It’s not an echo – ChatGPT can suddenly imitate your voice when you speak to it

August 12, 2024

0 91 2 minutes read

It’s not an echo – ChatGPT can suddenly imitate your voice when you speak to it

ChatGPT can sometimes seem to think like you, but wait until it suddenly sounds like you too. That’s a possibility brought to light by ChatGPT’s new Advanced Voice Mode, specifically the more advanced GPT-4o model. OpenAI last week released the system map explaining what GPT-4o can and cannot do, including the highly unlikely but nevertheless real possibility of Advanced Voice Mode, where users’ voices are mimicked without their consent.

The advanced voice mode allows users to have spoken conversations with the AI chatbot. The idea is to make interactions more natural and accessible. The AI has a few preset voices that users can choose from. However, the system board reports that this feature has exhibited unexpected behavior under certain conditions. During testing, a noisy input caused the AI to mimic the user’s voice.

The GPT-4o model produces voices using a system prompt, a hidden set of instructions that guides the model’s behavior during interactions. In the case of speech synthesis, this prompt relies on a permissioned voice sample. But while the system prompt guides the AI’s behavior, it’s not foolproof. The model’s ability to synthesize voices from short audio clips means that, under certain circumstances, it can generate other voices, including your own. You can hear what happened in the clip below, when the AI jumps in with “No!” and suddenly sounds like the first speaker.

Voice clone of your own voice

“Voice generation can also occur in non-hostile situations, such as our use of that capability to generate voices for ChatGPT’s advanced speech mode. During testing, we also observed rare cases where the model unintentionally generated an output that emulated the user’s voice,” OpenAI explained in the system map. “While unintended speech generation is still a weakness of the model, we use the secondary classifiers to ensure that the call is terminated if this happens, minimizing the risk of unintended speech generation.”

As OpenAI noted, it has since implemented safeguards to prevent such occurrences.

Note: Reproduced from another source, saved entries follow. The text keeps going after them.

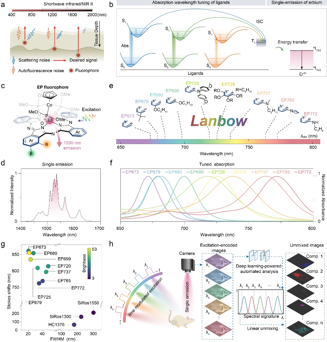 针对以上难题,张凡团队利用稀土元素铒(Er3+)的独特光学特性,通过分子工程设计构建了一系列具有三明治结构的新型酞菁铒配合物探针“镧系彩虹(Lanbow)”。它们的吸收波长分布在673 nm至772 nm,但发射统一集中在1530 nm——一个组织散射较小、自发荧光几乎为零的光学窗口。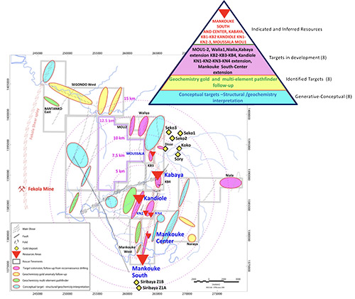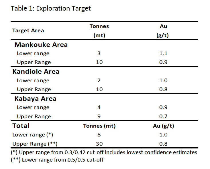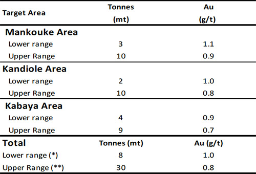 - Drilling prioritization to favor areas of immediate upside potential such as the Exploration Target areas at Mankouke South, Kabaya and Kandiole KN1 resource areas, including the oxide and sulphide mineralization, their satellites and extensions.
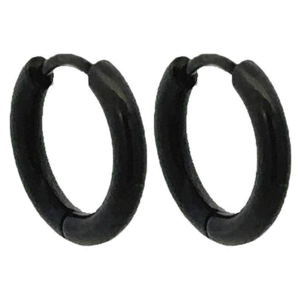 Ti2 Titanium Small Round Hinged Hoop Earrings - Black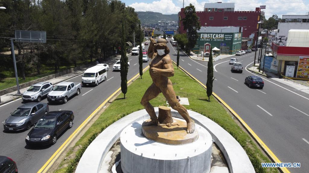 TLAXCALA, 28 julio, 2021 (Xinhua) -- Imagen tomada con dron del 28 de julio de 2021 de la escultura del Monumento a Tlahuicole portando una mascarilla en Tlaxcala, México. (Xinhua/Jesús Alvarado)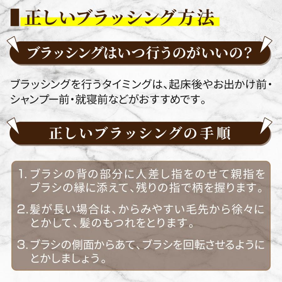 シャンプー前のブラッシングで髪と頭皮の汚れを落とし、キューティクルを整え、ダメージを予防してくれます!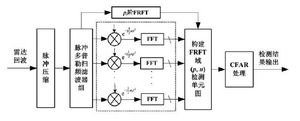 以傅里叶变换为核心的傅里叶分析理论体系在分析与处理平稳信号时具有极大的优越性,然而在雷达高速高机动目标探测、低慢小目标以及多目标的探测与识别中,信号呈现出时变、非平稳等复杂特性。分数阶傅里叶变换(fractional Fourier transform,FRFT)以LFM作为基函数,介于时域和频域之间的任意分数域表征,能够反映多普勒的变化规律,非常适于处理时变的非平稳信号,且无交叉项的干扰,从而引发了分数域信号处理理论的研究热潮。海军航空工程学院海上目标探测课题组研究了分数域海杂波抑制与动目标检测方法(原理框图如图4 所示),采用FRFT 谱及短时FRFT(short- time FRFT,STFRFT)。对目标信号匹配增强,实现时变非平稳信号的时频谱高分辨表示。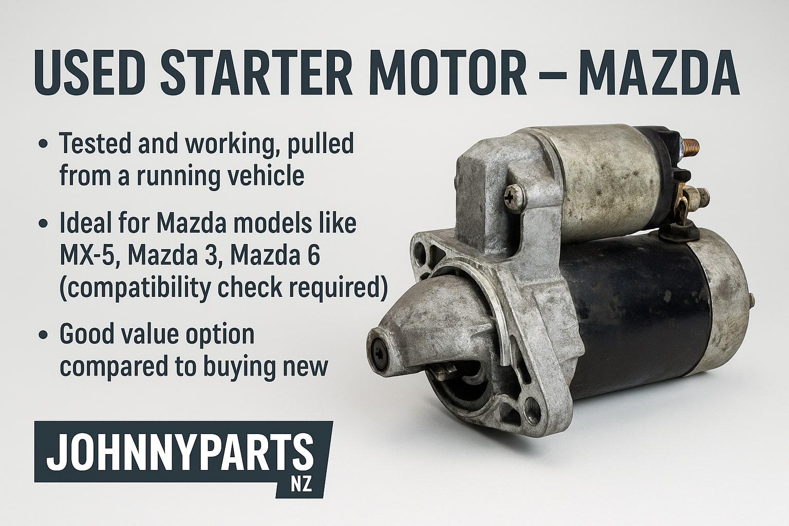 Hey folks – John here from JohnnyParts NZ. Got a handy bit of gear for sale: one used starter motor for a Mazda. Perfect for cars that refuse to turn over and need a cost-effective fix.
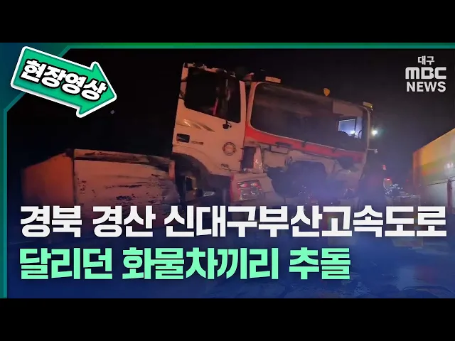 6월 26일 밤 10시쯤 경북 경산시 남천면 신대구부산고속도로 부산 방향 남천 졸음 쉼터 인근을 달리던 25톤 화물차가 앞서가던 8톤 화물차를 들이받았습니다.이 사고로 25톤 화물차 운전자인 60대 남성과 8톤 화물차 운전자 50대 남성이 병원으로 옮겨졌습니다.사고 충격으로 차량 두 대에 불이 나 모두 탔고, 1시간 10여 ...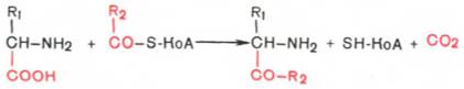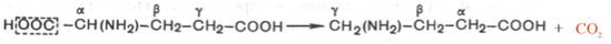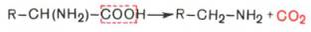 1. α-Декарбоксилирование, характерное для тканей животных, при котором от аминокислот отщепляется карбоксильная группа, стоящая по соседству с α-углеродным атомом. Продуктами реакции являются СО2 и биогенные амины: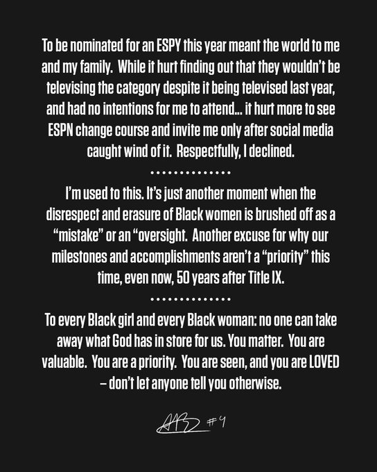 Social media caught wind of the exclusion and ESPN quickly sent a last minute invite to Boston, which she respectfully declined. She posted a personal statement on Twitter: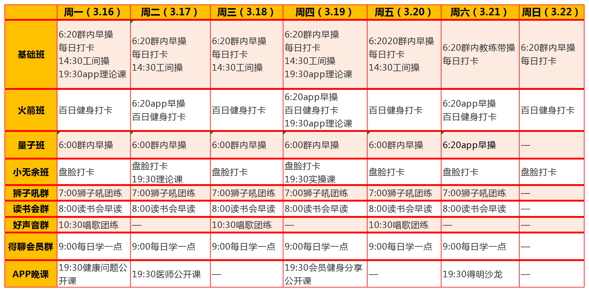⏰06:20 基础班/火箭班早操 📍基础班群/得明健身APP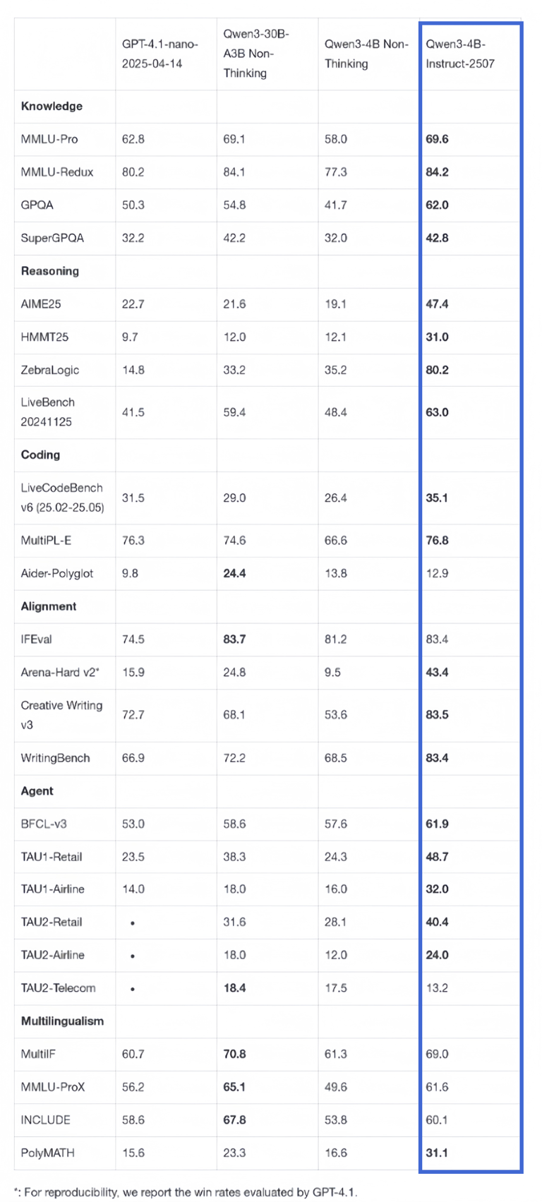 为全面评估Qwen3-4B系列模型的性能,本文选取了GPQA、AIME25、LiveCodeBench v6、Arena-Hard v2、BFCL-v3等主流基准测试,涵盖知识、推理、编程、对齐、Agent等多维度能力。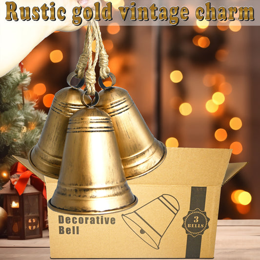SIBLORNIX Christmas Ornament Decoration Bell: Large Vintage Gold Outdoor Hanging Bell, Metal Rustic Bell for Christmas Tree, Mantle, Wreath, Wind Chime, Porch, Door, Pine, Yard, Wreath (Bell)

That involves using an output classifier designed to detect deviations from the pre-selected authorized voices. This classifier acts as a safeguard, helping to ensure that the AI doesn’t generate unauthorized audio. Still, the fact that it happened at all underscores how quickly this technology is evolving, and how all safeguards must evolve to keep up with what the AI can do. The model’s outburst, suddenly shouting “No!” in a voice similar to the tester’s, underscores the potential for AI to inadvertently blur the lines between machine and human interactions.